Friday 13 January 2023


A young Moonmando (with my pup Zara) in 1986

Long-time readers may remember regular commenter Moonmando, who at one time used to grace us with his entertaining and interesting remarks in response to my woeful waffle.  Just spoke to him not long ago today, but it's with a heavy heart I now reveal to fellow Crivvies that he was recently diagnosed with inoperable liver and bowel cancer and his time is severely limited.  His immediate family are devastated of course, as are his many friends, and it's hard to believe that someone I've known since we were schoolkids will, when the time comes, no longer be there for me to bore witless by droning on about my new acquisitions of toys and comics.

I know you have your own problems, Crivs, but spare a thought and a prayer for Moonmando - alias Matthew Caldwell - someone who anyone would be proud to call friend.  The world needs more guys like him, not less.  Is it just me, or does life seem to get more sh*t the older we get?
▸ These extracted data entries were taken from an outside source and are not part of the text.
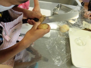 皮むきの手つきにひやひやしながらも、安全に気をつけて慎重におこなっていました。
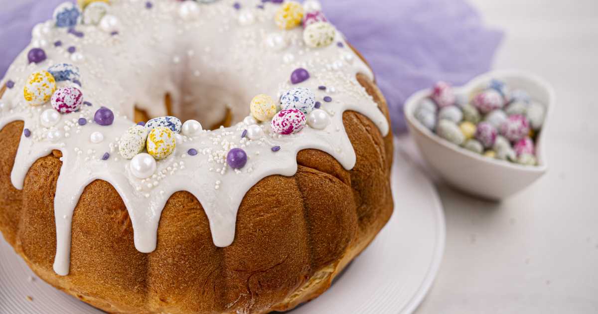 Этот рецепт представляет собой современную интерпретацию традиционного восточнославянского пасхального кулича. В отличие от классической цилиндрической формы, здесь используется кольцевая форма (форма для кекса с отверстием), что превращает выпечку в символический венок — знак вечности и возрождения. Начинка из изюма, грецких орехов и корицы добавляет праздничному хлебу текстуру и богатый аромат, делая его похожим на сладкую сдобную плетёнку.
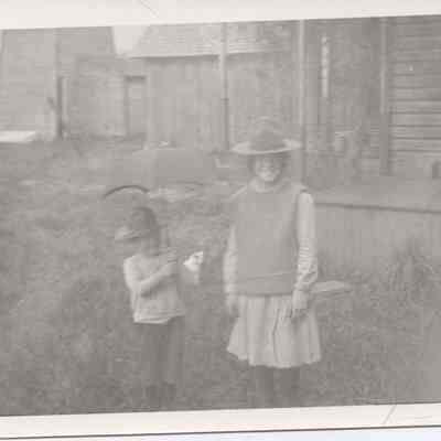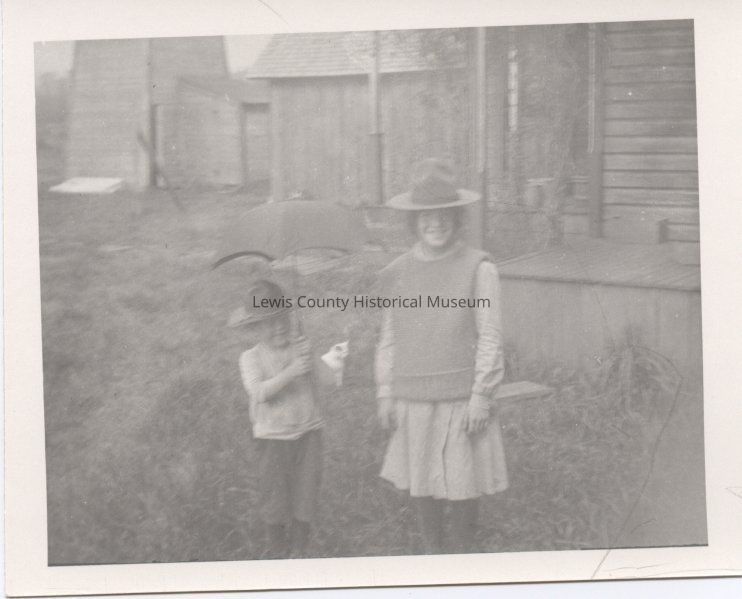 Loris Sweany (Sweeney), 7-8 years old and brother Gordon Sweany, about 4 or 5 years old, wearing WWI Army hats, ca. 1917-18. Black and white, dim photo, Burke collection, 03.22.Collection
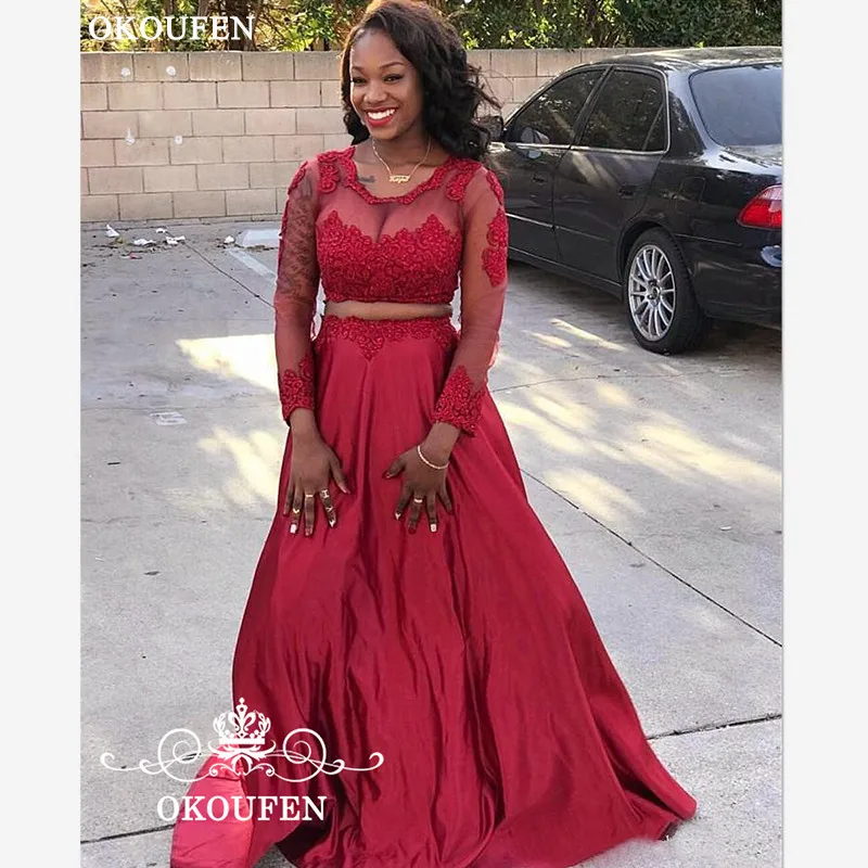 2019 Red Two Piece Crop Top Prom Dresses With Long Sleeves

(Update:) Matt passed away peacefully in his sleep in the early hours of this morning (14th February) at the hospice he'd been in for the last several weeks.  He'll be much missed by everyone who was fortunate enough to know him.  Hard to believe we first became friends around 50 years ago.  R.I.P., Moonie - you won't be forgotten.    

Monday 9 January 2023


A bit under the weather at the moment, Crivvies, hence my lack of blogging for a while, though I've been keeping an eye out for any new comments and trying to respond to them in a timely fashion.  However, I recently received a sad bit of news in regard to this post from August 2021, so I thought I'd add an update at the end of it once you've refreshed your memories of its contents.


Isn't it strange how the 'backdrop' to your life can change without you being aware of it until after-the-fact?  Example: There's a fella and his wife lived in the flats around the corner from me (same street) for at least 35 years, possibly longer.  He was there when we moved back to the neighbourhood after four years away, and for all I know he might've been there when we still lived here the first time.

The pair of us were part of the local doggie-walking club in the late '80s until either the dogs or the owners gradually died.  Out of about 14 of us, maybe only about four yet survive (all the dogs are gone), though me and Martin (as he's called) were the only two still in the area.  I'd often run into him when he was out walking his new (relatively-speaking) pooch, or when one of us was going to, while the other was coming back from, the local shops.

Anyway, last week I was sitting on a bench in the shopping area, scoffing a soft buttered roll with link sausages and fried onions (yum), when I spotted Martin and hailed him.  During the course of our chat, imagine my surprise when he told me that he and his wife had moved from their flat to a house in another neighbourhood quite a distance away around five weeks or so before.

Subconsciously, I'd yet imagined he and his dog were still traversing around the local environs when, in fact, his daily routine now unfolded somewhere else entirely, and that it was unlikely that either of us would run into the other when heading to or back from the shops.  But there was even worse news to come.  After being in their new house for only around three weeks or thereabouts, Martin came home one day to find his wife Isobel dead from a massive heart attack.

Sadly, I didn't know her very well (only saw her a handful of times in 34-odd years), but what a bummer, eh?  He's no longer in the flat where he and his wife brought up their kids and made many happy memories, but he's now in a house where he was denied the time to make any meaningful new memories before she was so suddenly and cruelly taken from him.

I prefer to think that Martin still lives around the corner from me and is yet exercising his doggie around the neighbourhood, and whenever I look out of my window, I sort of imagine I've just missed spotting him by seconds.  That way I can pretend that everything is as it's always been (for the last several years at least) and that the friendly face of a decent bloke is still out there to say hello to, instead of in another neighbourhood that I'm unlikely ever to visit.

Two more long-term residents in the street are soon to flit from it, and I'm beginning to feel isolated from friendly faces that have been part of my everyday existence for decades.  It's no fun seeing them all moving (or slipping) away, especially as I well-remember when my family was the new one 'on the block'.  That feeling is long-gone, but somehow I find myself wishing I could re-experience it - without having to flit somewhere else in order to do it though.

Any of you Crivvies ever feel the same?  Or am I just bonkers?  And spare a thought for Martin, eh?


And now for further bad news.  I saw Martin only one more time, in Iceland (the store, not the country) a week or three after our meeting related above.  Just a few days ago I was talking to another neighbourhood resident and happened to mention Martin, only to be informed that he had died from cancer around a couple of months after his wife.  I'm kind of hoping that it isn't so, but I've no real reason to doubt it.  Just think, after going to all the bother of flitting elsewhere, neither of them had much time in their new residence to make the effort and inconvenience worthwhile.  Such a shame, but to me, he and his dog (Skye) will still always be just around the corner from me and traversing the local environs.  He was a really decent bloke.